**EXERCISE PROMPT:** From the first line to the last, restate the material word for word; pictures stay out.
DATA PROVIDED START
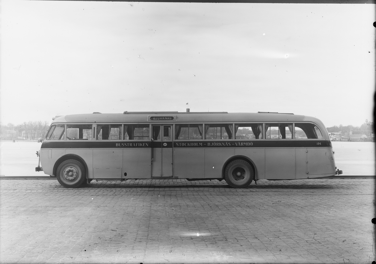 Björknäs Buss från sidan. Fotograferad på stadsgårdskajen i Stockholm.
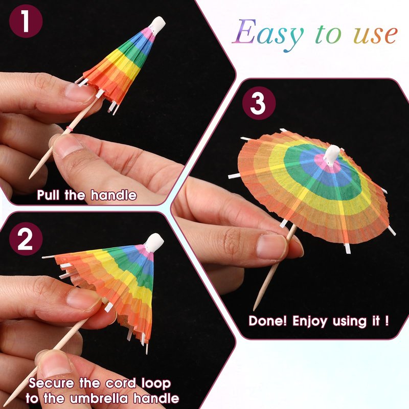- š¹ćMulti-purpose Useć: Mini paper umbrella decorations can be used as pretty decorations for many desserts, fruits, drinks and cocktails! Also great as cupcake toppers, craft projects, or other festive occasions.
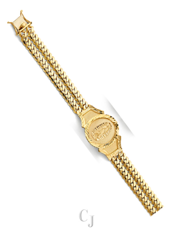 14KY 2Line Cuban Guadalupe Frame ID Bracelet
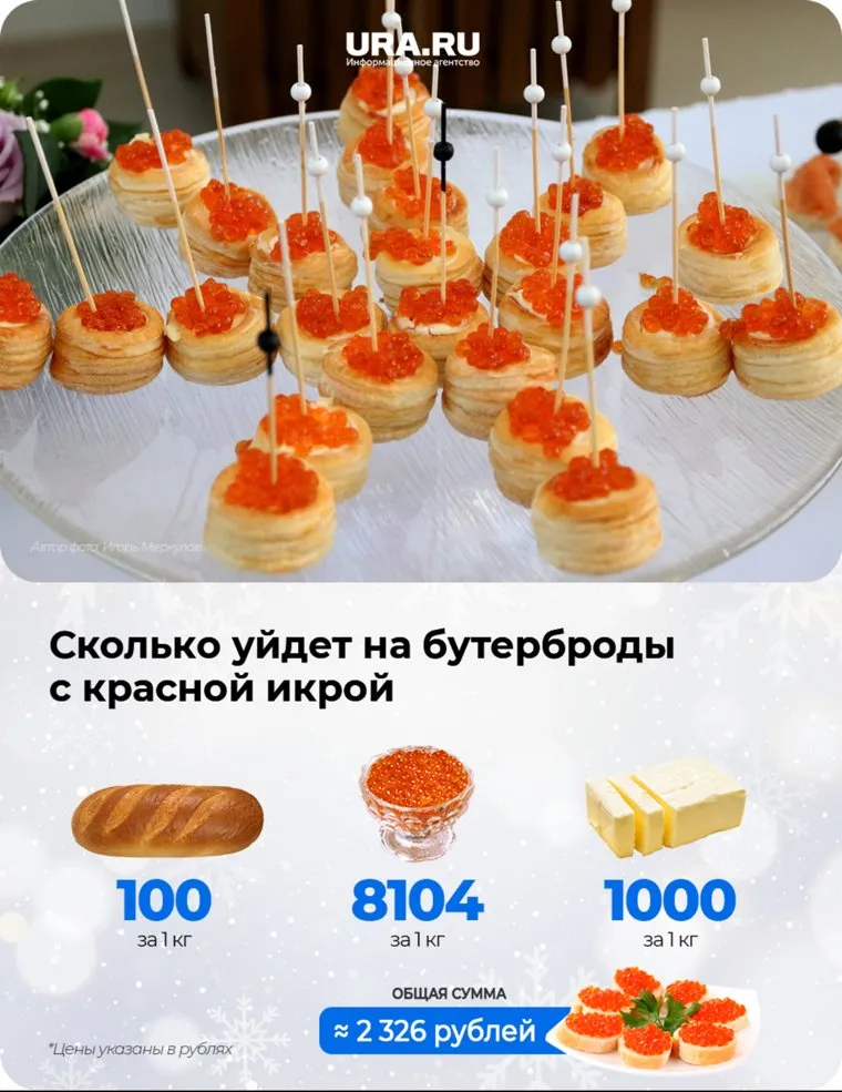 Закуски с красной рыбой и икрой традиционно занимают особое место на новогоднем столе, символизируя праздник не меньше, чем классические салаты. В этом году стоимость красной икры в России достигла отметки в 8104 рублей за килограмм в 25 российских регионах, самая высокая цена наблюдалась в Крыму. К тому же длительное время в стране наблюдалось повышение цен на еще один неотъемлемый ингредиент новогодней закуски — сливочное масло — средняя цена составляет около 1000 рублей. Средняя цена хлеба по России — около 100 рублей.
DATA PROVIDED END
**TASK ANSWER:**
 Björknäs Buss från sidan. Fotograferad på stadsgårdskajen i Stockholm.
- š¹ćMulti-purpose Useć: Mini paper umbrella decorations can be used as pretty decorations for many desserts, fruits, drinks and cocktails! Also great as cupcake toppers, craft projects, or other festive occasions.
 14KY 2Line Cuban Guadalupe Frame ID Bracelet
 Закуски с красной рыбой и икрой традиционно занимают особое место на новогоднем столе, символизируя праздник не меньше, чем классические салаты. В этом году стоимость красной икры в России достигла отметки в 8104 рублей за килограмм в 25 российских регионах, самая высокая цена наблюдалась в Крыму. К тому же длительное время в стране наблюдалось повышение цен на еще один неотъемлемый ингредиент новогодней закуски — сливочное масло — средняя цена составляет около 1000 рублей. Средняя цена хлеба по России — около 100 рублей.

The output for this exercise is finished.